*** RECORD EXTRACTS ***

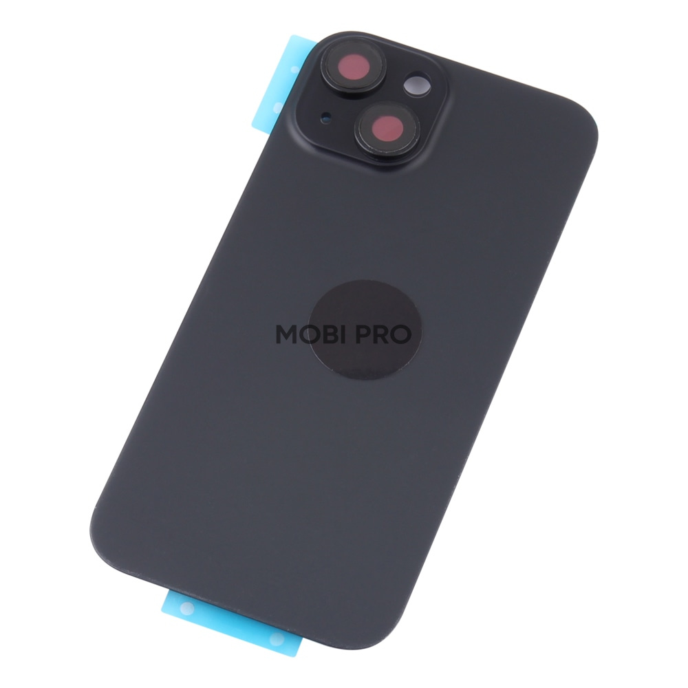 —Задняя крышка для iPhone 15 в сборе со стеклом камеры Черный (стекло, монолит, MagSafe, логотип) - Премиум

*** End of RECORD EXTRACTS ***
*** RECORD EXTRACTS ***

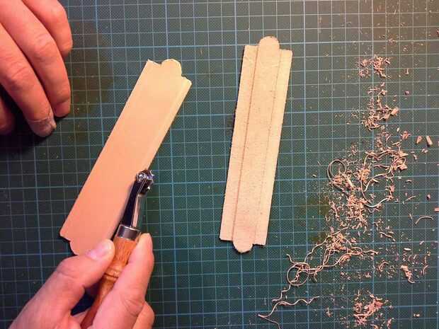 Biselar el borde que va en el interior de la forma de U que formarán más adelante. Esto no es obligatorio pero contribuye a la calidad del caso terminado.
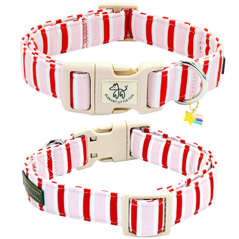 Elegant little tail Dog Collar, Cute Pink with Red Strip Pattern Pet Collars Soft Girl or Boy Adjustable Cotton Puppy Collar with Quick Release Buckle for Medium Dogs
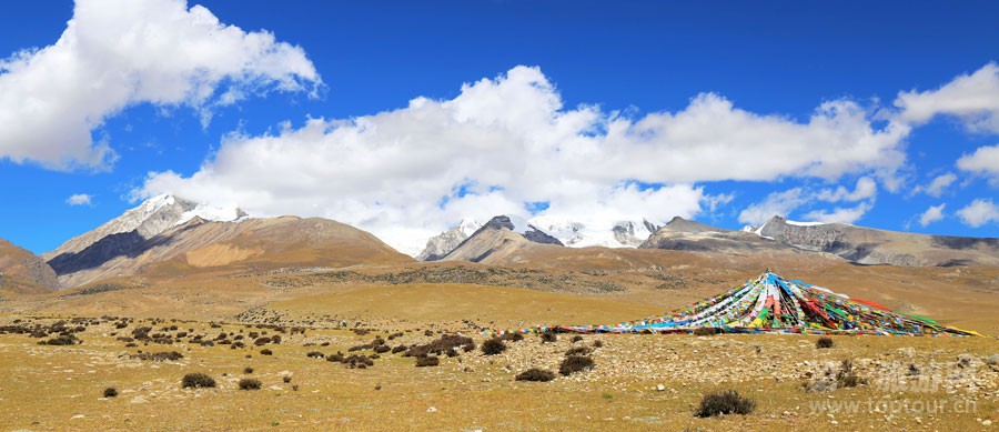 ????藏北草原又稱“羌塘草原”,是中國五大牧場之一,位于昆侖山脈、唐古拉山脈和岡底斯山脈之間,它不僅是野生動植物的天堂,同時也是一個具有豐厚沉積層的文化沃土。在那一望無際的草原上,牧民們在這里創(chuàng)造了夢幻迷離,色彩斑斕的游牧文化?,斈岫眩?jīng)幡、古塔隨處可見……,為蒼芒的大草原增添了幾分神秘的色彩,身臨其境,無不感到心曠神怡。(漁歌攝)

*** End of RECORD EXTRACTS ***
*** RECORD EXTRACTS ***

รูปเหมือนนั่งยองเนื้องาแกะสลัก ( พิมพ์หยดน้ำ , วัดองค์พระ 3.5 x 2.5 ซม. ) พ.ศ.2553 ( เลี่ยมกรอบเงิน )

*** End of RECORD EXTRACTS ***

*TASK DIRECTIONS*:
Your copy should hold the lines from the one with "Biselar el borde" up to and including the one with "Elegant little tail", exactly as in the data above, and no pictures.

*WRITTEN SOLUTION*:
 Biselar el borde que va en el interior de la forma de U que formarán más adelante. Esto no es obligatorio pero contribuye a la calidad del caso terminado.
 Elegant little tail Dog Collar, Cute Pink with Red Strip Pattern Pet Collars Soft Girl or Boy Adjustable Cotton Puppy Collar with Quick Release Buckle for Medium Dogs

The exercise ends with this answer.